START Records
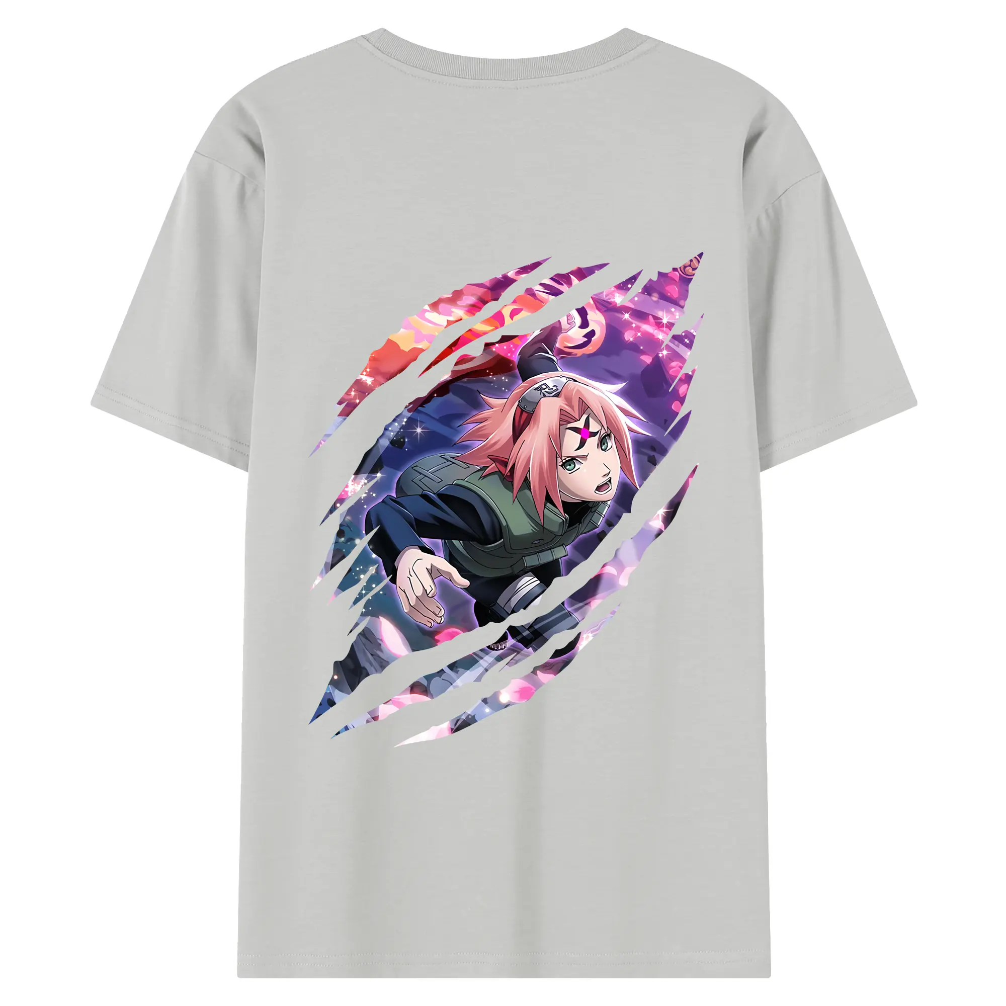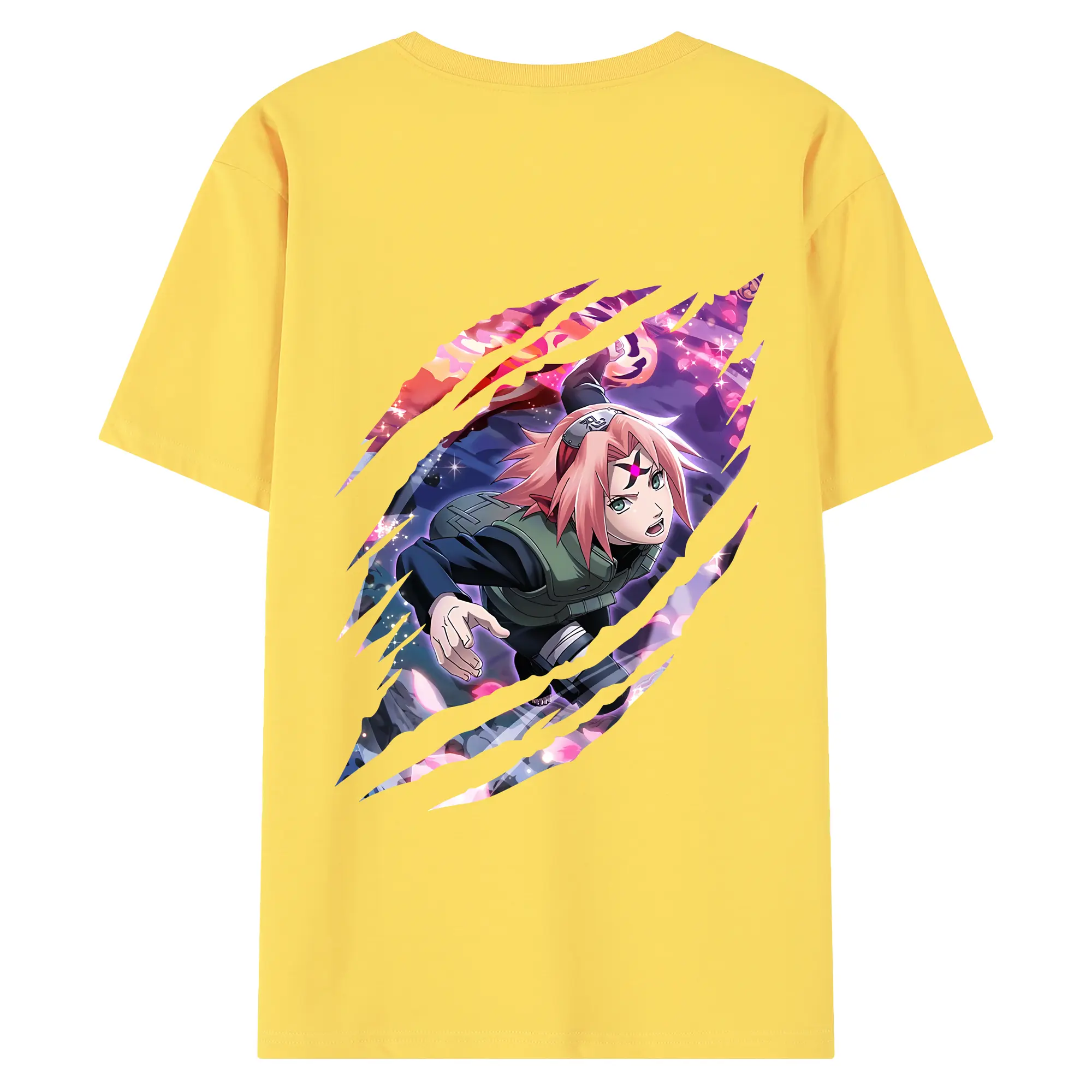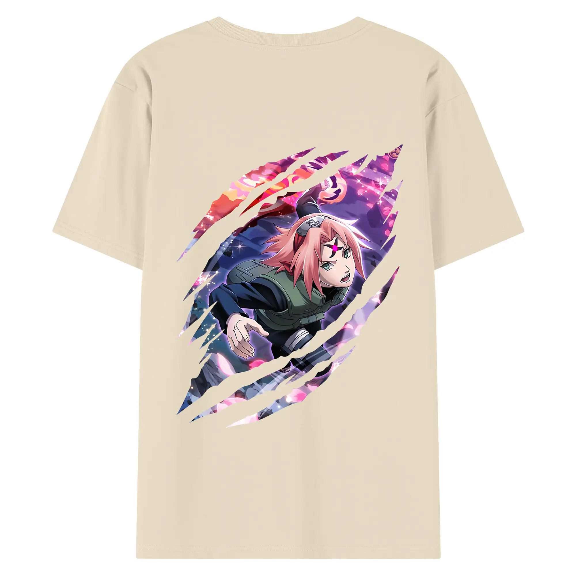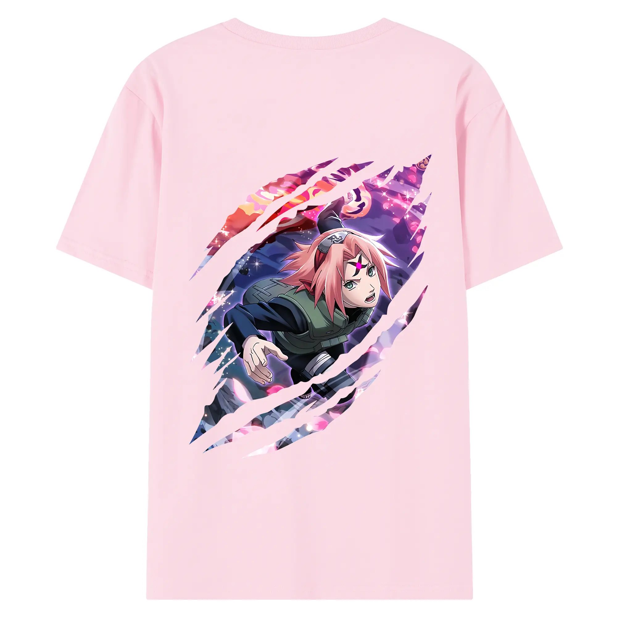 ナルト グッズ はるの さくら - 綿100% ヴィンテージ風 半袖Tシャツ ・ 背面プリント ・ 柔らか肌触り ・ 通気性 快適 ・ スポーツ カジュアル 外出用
END Records
START Records
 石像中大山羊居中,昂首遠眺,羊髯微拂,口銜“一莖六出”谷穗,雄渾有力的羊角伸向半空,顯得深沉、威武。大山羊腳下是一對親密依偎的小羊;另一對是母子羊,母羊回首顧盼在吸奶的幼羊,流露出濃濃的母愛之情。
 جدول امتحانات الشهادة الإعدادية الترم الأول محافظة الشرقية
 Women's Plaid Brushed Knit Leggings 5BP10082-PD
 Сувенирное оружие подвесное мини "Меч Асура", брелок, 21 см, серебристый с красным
END Records
→ **The problem**:
Retype exactly the span of lines from the one with "石像中大山羊居中,昂首遠眺,羊髯微拂,口" through the one with "Women's Plaid Brushed"; include both ends and omit the rest of the material.

→ **Written response**:
 石像中大山羊居中,昂首遠眺,羊髯微拂,口銜“一莖六出”谷穗,雄渾有力的羊角伸向半空,顯得深沉、威武。大山羊腳下是一對親密依偎的小羊;另一對是母子羊,母羊回首顧盼在吸奶的幼羊,流露出濃濃的母愛之情。
 جدول امتحانات الشهادة الإعدادية الترم الأول محافظة الشرقية
 Women's Plaid Brushed Knit Leggings 5BP10082-PD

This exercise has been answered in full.